I read with interest Jon Guttman’s “Hunting Big Bear,” in the February 2020 issue of Wild West. There are a few sentences in his article that refer to the motives of the Crees based on the history created by the Canadians (soldiers, survivors, politicians, etc.). I am the author of biographies of Wandering Spirit and Fine Day and the 2015 book Defending Frog Lake: An Analysis of the Frog Lake Massacre, 2 April 1885, which has new information that fills out the Cree side of the story.
‘I am the author of biographies of Wandering Spirit and Fine Day and the 2015 book Defending Frog Lake: An Analysis of the Frog Lake Massacre, 2 April 1885, which has new information that fills out the Cree side of the story’
The Crees had reason to believe they might be attacked (documented in my book). Even minutes before the actual massacre Wandering Spirit was in the act of moving everyone, Canadians and Crees, to a new location that could be better defended. Because Cree warriors would consider anyone outside the camp as an enemy, the Canadians had to be brought into the new camp for their own safety. The massacre occurred because the Indian agent, Thomas Quinn, would not cooperate; his refusal closed the door on any peaceful resolution. If Wandering Spirit hadn’t killed him, someone else would have, and with his death there was no longer any point to sparing the other Canadians. The killing of Quinn meant war. History has also spread the false story that 40-year-old Wandering Spirit and other young men usurped power from Big Bear. Power is always transferred from the chief to the head warrior in times of danger. This legitimate transfer of power occurred at Frog Lake from Big Bear to Wandering Spirit, who had been the head warrior since the late 1870s and would probably have his finest hour in the May 28, 1885, Frenchman Butte fight [depicted above]. If the transfer had not been legitimate, no one would have followed Wandering Spirit. Also, the motivation history has given us—that the Crees were starving and desperate—is false. The Crees would not kill their neighbors for food. I’ve dealt with this and other false motives in my book, which several history buffs have told me has changed their view of what happened at Frog Lake.
I particularly enjoyed Kurt House’s Guns of the West article “Guns of the Johnson County War,” in the April 2020 issue. This episode in Wyoming history holds a special interest for me, as my father knew one of the participants. Nate Champion’s siege diary was found by Chicago reporter Samuel Clover. Some sources state Nate had trouble with literacy. I’ve wondered about the legitimacy of the dairy. It seemed to be more good copy than last testament of a doomed rustler.

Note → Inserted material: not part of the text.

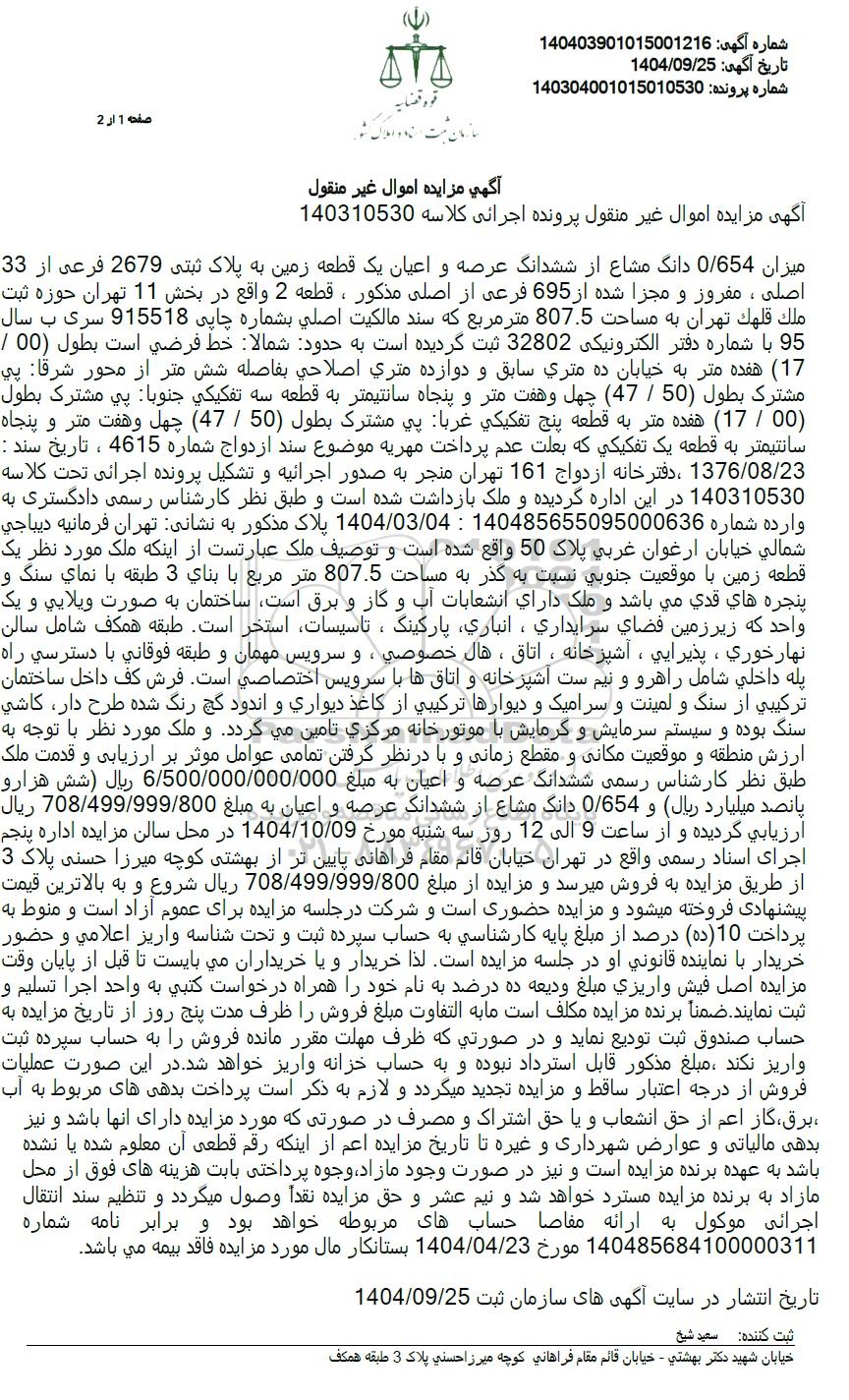 میزان 0.654 دانگ مشاع از ششدانگ عرصه و اعیان یک قطعه زمین به پلاک ثبتی 2679 فرعی از 33 اصلی ، مفروز و مجزا شده از 695 فرعی از اصلی مذکور ، قطعه 2 واقع در بخش 11 تهران حوزه ثبت ملک قلهک تهران به مساحت 807.5 متر مربع که سند مالکیت اصلی بشماره چاپی 915518 سری ب سال 95 با شماره دفتر الکترونیکی 32802 ثبت گردیده است به حدود شمالا خط فرضی است بطول 00 .(17) هفده متر به خیابان ده متری سابق و دوازده متری اصلاحی بفاصله شش متر از محور شرقا پی مشترک بطول 50 . (47) چهل و هفت متر و پنجاه سانتیمتر به قطعه سه تفکیکی جنوبا پی مشترک بطول (00 . 17) هفده متر به قطعه پنج تفکیکی غربا پی مشترک بطول (50) . (47) چهل و هفت متر و پنجاه سانتیمتر به قطعه یک تفکیکی که بعلت عدم پرداخت مهریه موضوع سند ازدواج شماره 4615 ، تاریخ سند : 1376.08.23 ، دفترخانه ازدواج 161 تهران منجر به صدور اجرائیه و تشکیل پرونده اجرائی تحت کلاسه 140310530 در این اداره گردیده و ملک بازداشت شده است و طبق نظر کارشناس رسمی دادگستری به وارده شماره 140485655095000636 : 1404.03.04 پلاک مذکور به نشانی: تهران فرمانیه دیباجی شمالی خیابان ارغوان غربی پلاک 50 واقع شده است و توصیف ملک عبارتست از اینکه ملک مورد نظر یک قطعه زمین با موقعیت جنوبی نسبت به گذر به مساحت 807.5 متر مربع با بنای 3 طبقه با نمای سنگ و پنجره های قدی می باشد و ملک دارای انشعابات آب و گاز و برق است ساختمان به صورت ویلایی و یک واحد که زیر زمین فضای سرایداری ، انباری ،پارکینگ ، تاسیسات استخر است طبقه همکف شامل سالن نهار خوری ، پذیرایی ، آشپزخانه ، اتاق ، هال خصوصی ، و سرویس مهمان و طبقه فوقانی با دسترسی راه پله داخلی شامل راهرو و نیم ست آشپزخانه و اتاقها با سرویس اختصاصی است. فرش کف داخل ساختمان ترکیبی از سنگ و لمینت و سرامیک و دیوارها ترکیبی از کاغذ دیواری و اندود گچ رنگ شده طرح دار کاشی سنگ بوده و سیستم سرمایش و گرمایش با موتورخانه مرکزی تامین می گردد و ملک مورد نظر با توجه به ارزش منطقه و موقعیت مکانی و مقطع زمانی و با در نظر گرفتن تمامی عوامل موثر بر ارزیابی و قدمت ملک طبق نظر کارشناس رسمی ششدانگ عرصه و اعیان به مبلغ 6.500.000.000.000 ریال شش هزار و ریال پانصد میلیارد ریال و 0.654 دانگ مشاع از ششدانگ عرصه و اعیان به مبلغ 708.499.999.800 . ارزیابی گردیده و از ساعت 9 الی 12 روز سه شنبه مورخ 1404.10.09 در محل سالن مزایده اداره پنجم اجرای اسناد رسمی واقع در تهران خیابان قائم مقام فراهانی پایین تر از بهشتی کوچه میرزا حسنی پلاک 3 از طریق مزایده به فروش میرسد و مزایده از مبلغ 708.499.999.800 ریال شروع و به بالاترین قیمت پیشنهادی فروخته میشود و مزایده حضوری است و شرکت در جلسه مزایده برای عموم آزاد است و منوط به پرداخت (10 (ده) درصد از مبلغ پایه کارشناسی به حساب سپرده ثبت و تحت شناسه واریز اعلامی و حضور خریدار با نماینده قانونی او در جلسه مزایده است. لذا خریدار و یا خریداران می بایست تا قبل از پایان وقت مزایده اصل فیش واریزی مبلغ ودیعه ده درصد به نام خود را همراه درخواست کتبی به واحد اجرا تسلیم و ثبت نمایند. ضمناً برنده مزایده مکلف است ما به التفاوت مبلغ فروش را ظرف مدت پنج روز از تاریخ مزایده به حساب صندوق ثبت تودیع نماید و در صورتی که ظرف مهلت مقرر مانده فروش را به حساب سپرده ثبت واریز نکند ، مبلغ مذکور قابل استرداد نبوده و به حساب خزانه واریز خواهد شد. در این صورت عملیات فروش از درجه اعتبار ساقط و مزایده تجدید میگردد و لازم به ذکر است پرداخت بدهی های مربوط به آب برق گاز اعم از حق انشعاب و یا حق اشتراک و مصرف در صورتی که مورد مزایده دارای آنها باشد و نیز بدهی مالیاتی و عوارض شهرداری و غیره تا تاریخ مزایده اعم از اینکه رقم قطعی آن معلوم شده یا نشده باشد به عهده برنده مزایده است و نیز در صورت وجود مازاد وجوه پرداختی بابت هزینه های فوق از محل مازاد به برنده مزایده مسترد خواهد شد و نیم عشر و حق مزایده نقداً وصول میگردد و تنظیم سند انتقال اجرائی موکول به ارائه مفاصا حساب های مربوطه خواهد بود و برابر نامه شمار

I was aware of the existence of “Wolcott’s List,” enumerating by serial number descriptions of weapons seized by authorities from the Invaders. Some years ago on an episode of Pawn Stars a man brought in an engraved Peacemaker, claiming it had been carried by an Invader. Rick Harrison declined the offer, as there was no supporting documentation. Too bad he was unaware of Wolcott’s List.
In your August 2019 Go West there is reference to the Tallgrass Prairie National Preserve in Kansas. You list its size at nearly 11,000 square miles. In fact, it is nearly 11,000 acres. The preserve is well worth visiting, as it offers splendid views of the Flint Hills from its trails. It also has several dozen bison in a fenced area. The federal presence is a few acres around a gift shop and interpretive center; the Nature Conservancy runs the rest. A much larger conservancy property is the Joseph H. Williams Tallgrass Prairie Preserve in northern Oklahoma, just below the Kansas line. It is nearly 40,000 acres, with about 2,600 bison and assorted other animals and birds, and celebrates its 30th anniversary in October.
I really enjoyed reading the article “Buffalo Saviors,” by David McCormick, in the December 2019 issue. It reminded me of a photograph I took a while ago when a friend and I visited Jackson Hole, Wyo. We drove down a dirt road near Wilson, Wyo., and came upon a herd of buffalo roaming over an area that was not fenced. I leaned out the window of the car and snapped a photo of a buffalo just as it came over a small rise and paused with the Grand Tetons behind him. I think it makes a striking image.
I purchased your excellent October 2019 issue. That Theodore Roosevelt cover sure catches the eye on the newsstands. I plan on framing this issue on the wall beside my Old West library. This will be the 11th Wild West cover on the wall.